The city of New York has agreed to provide a whopping $5 million in cash to the High Line Park, which is scheduled to begin construction on its third (and final) half-mile section in the near future. The capital injection will definitely come in handy but many are baffled as to why such a small (6.73 acre) and already well-funded park would lay claim to so much of the budget which allots a total of $105 million to New York City’s 142 park projects.

Unlike Brooklyn Bridge Park, which relies almost entirely on the city for funding, the High Line receives 90% (roughly $3 million a year) through Friends of the High Line.
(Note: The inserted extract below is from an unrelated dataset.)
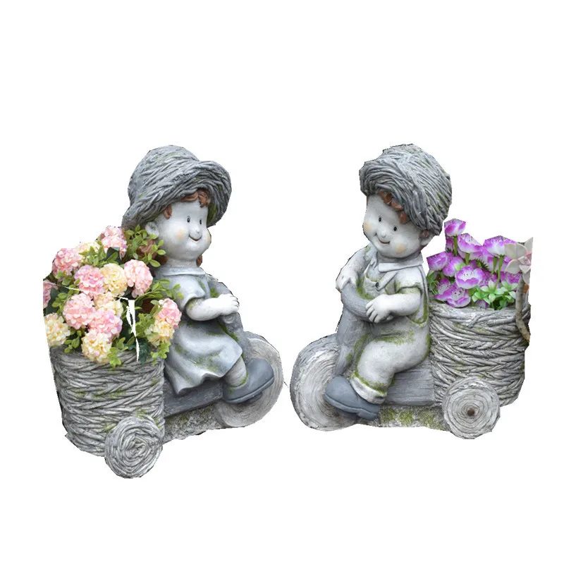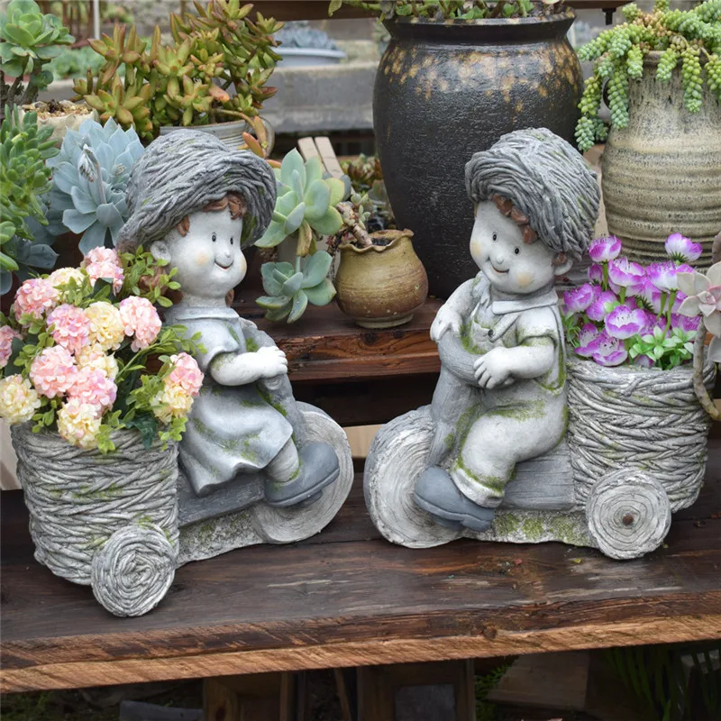 Discount Americana Vintage Old Cute Boy And Girl Cart Flower Pot Room Study Hallway Home Plant Pot Outdoor G
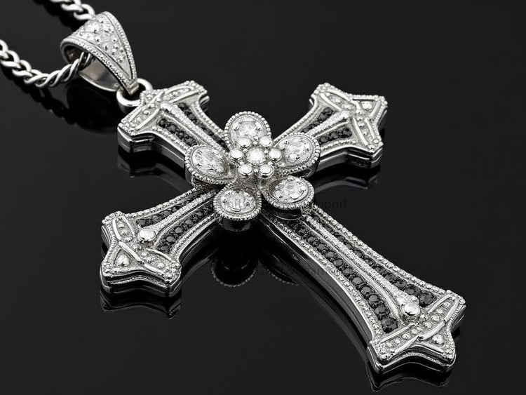 Exquisitely designed for lovers of gothic fashion and religious symbolism, this sterling silver cross pendant features ornate detailing and a central flower motif. The cross arms are studded with black stones, while the flower is set with shimmering white stones, offering a striking contrast. Finished with fine milgrain edging and a high-polish shine, this pendant is a unique, meaningful accessory for men or women. image is ai generated.

Even more remarkable is that Friends of the High Line co-founders Joshua David and Robert Hammond told the New York Times in 2011 that they had already raised $85 million of their $150 fundraising goal (and expected to raise the rest through additional private funding).
The High Line’s private funders don’t seem to mess around either: Tiffany and Company Foundation gave a $5 million challenge grant in 2011 while The Diller-von Furstenberg Family Foundation provided a miraculous $20 million to pay for construction. In addition to private funding the elevated park garners funds from the majority of the food sellers situated beneath it, a unique arrangement no other New York park can lay claim to.
So why such a generous bump to an already well-endowed park? Most park advocates are stumped, but Friends are of the High Line aren’t complaining.